[Opening SOURCE DATA section]

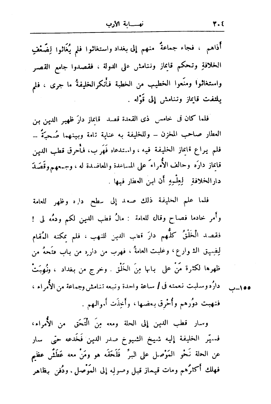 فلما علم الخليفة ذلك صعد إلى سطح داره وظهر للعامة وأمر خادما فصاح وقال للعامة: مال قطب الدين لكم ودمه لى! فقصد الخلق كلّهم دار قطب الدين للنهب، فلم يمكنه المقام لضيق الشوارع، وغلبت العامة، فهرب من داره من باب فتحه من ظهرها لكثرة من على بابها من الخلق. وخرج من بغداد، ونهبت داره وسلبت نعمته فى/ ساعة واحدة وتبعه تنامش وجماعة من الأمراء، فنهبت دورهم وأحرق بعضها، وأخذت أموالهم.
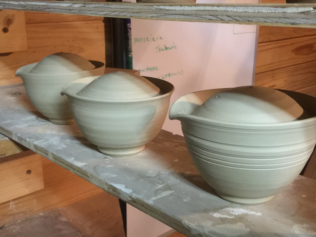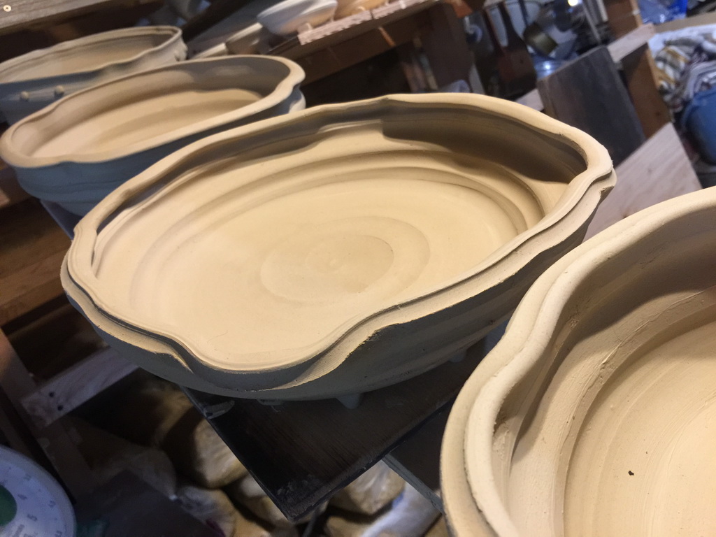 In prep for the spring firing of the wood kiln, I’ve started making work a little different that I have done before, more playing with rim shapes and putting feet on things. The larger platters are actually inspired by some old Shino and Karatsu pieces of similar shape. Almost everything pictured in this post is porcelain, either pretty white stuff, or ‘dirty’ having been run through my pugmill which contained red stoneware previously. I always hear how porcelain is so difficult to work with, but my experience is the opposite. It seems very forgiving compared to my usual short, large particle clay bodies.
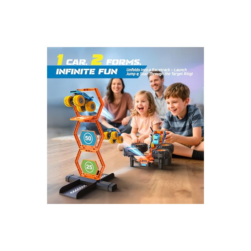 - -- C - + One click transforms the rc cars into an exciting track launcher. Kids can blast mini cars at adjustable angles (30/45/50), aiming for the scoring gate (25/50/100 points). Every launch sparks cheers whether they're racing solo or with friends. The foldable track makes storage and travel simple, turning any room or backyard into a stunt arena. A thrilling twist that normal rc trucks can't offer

[Closing SOURCE DATA section]

EXERCISE AIM
The answer must be the full listing above, copied exactly, with no pictures in it.

THE ANSWER
 فلما علم الخليفة ذلك صعد إلى سطح داره وظهر للعامة وأمر خادما فصاح وقال للعامة: مال قطب الدين لكم ودمه لى! فقصد الخلق كلّهم دار قطب الدين للنهب، فلم يمكنه المقام لضيق الشوارع، وغلبت العامة، فهرب من داره من باب فتحه من ظهرها لكثرة من على بابها من الخلق. وخرج من بغداد، ونهبت داره وسلبت نعمته فى/ ساعة واحدة وتبعه تنامش وجماعة من الأمراء، فنهبت دورهم وأحرق بعضها، وأخذت أموالهم.
 In prep for the spring firing of the wood kiln, I’ve started making work a little different that I have done before, more playing with rim shapes and putting feet on things. The larger platters are actually inspired by some old Shino and Karatsu pieces of similar shape. Almost everything pictured in this post is porcelain, either pretty white stuff, or ‘dirty’ having been run through my pugmill which contained red stoneware previously. I always hear how porcelain is so difficult to work with, but my experience is the opposite. It seems very forgiving compared to my usual short, large particle clay bodies.
 - -- C - + One click transforms the rc cars into an exciting track launcher. Kids can blast mini cars at adjustable angles (30/45/50), aiming for the scoring gate (25/50/100 points). Every launch sparks cheers whether they're racing solo or with friends. The foldable track makes storage and travel simple, turning any room or backyard into a stunt arena. A thrilling twist that normal rc trucks can't offer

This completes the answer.